■ **Work request**
Transcribe word for word the section of the records below that opens with the line containing "Acquasantiera Liberty in" and closes with the line containing "Anhänger Zoisit (Anyolith)"; drop every picture.

■ **Provided information**

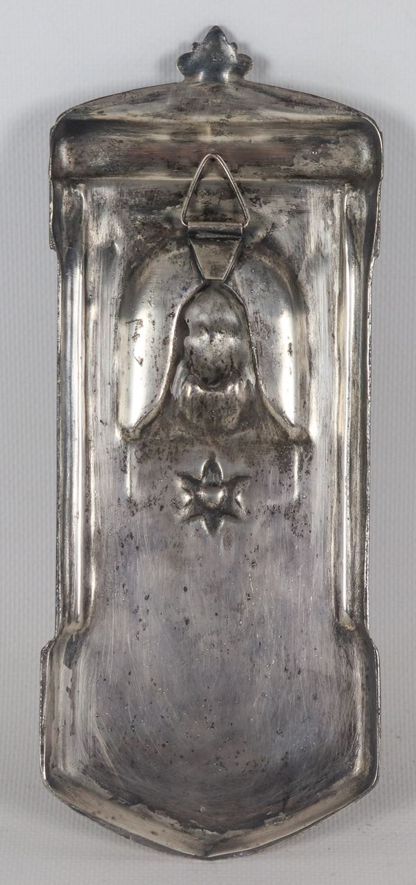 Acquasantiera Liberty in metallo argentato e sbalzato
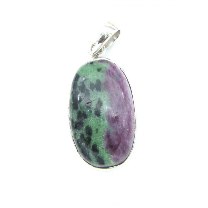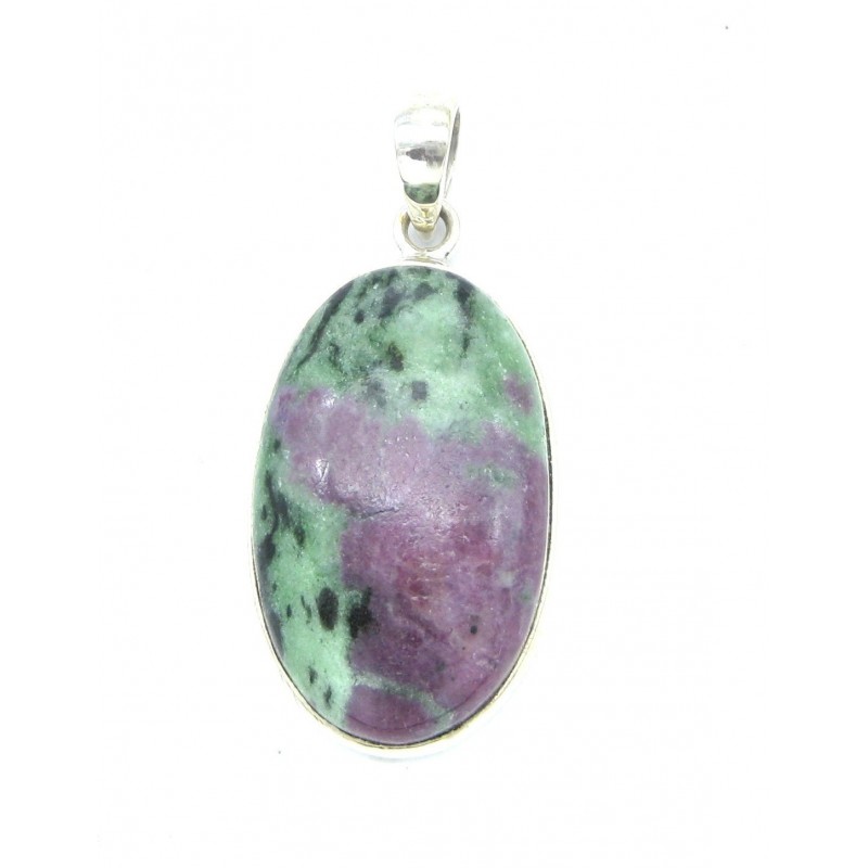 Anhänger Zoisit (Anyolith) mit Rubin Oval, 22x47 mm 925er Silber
==
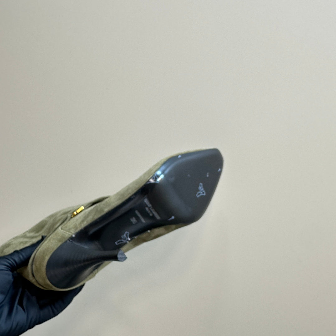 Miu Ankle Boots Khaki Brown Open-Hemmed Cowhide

■ **Response box**
 Acquasantiera Liberty in metallo argentato e sbalzato
 Anhänger Zoisit (Anyolith) mit Rubin Oval, 22x47 mm 925er Silber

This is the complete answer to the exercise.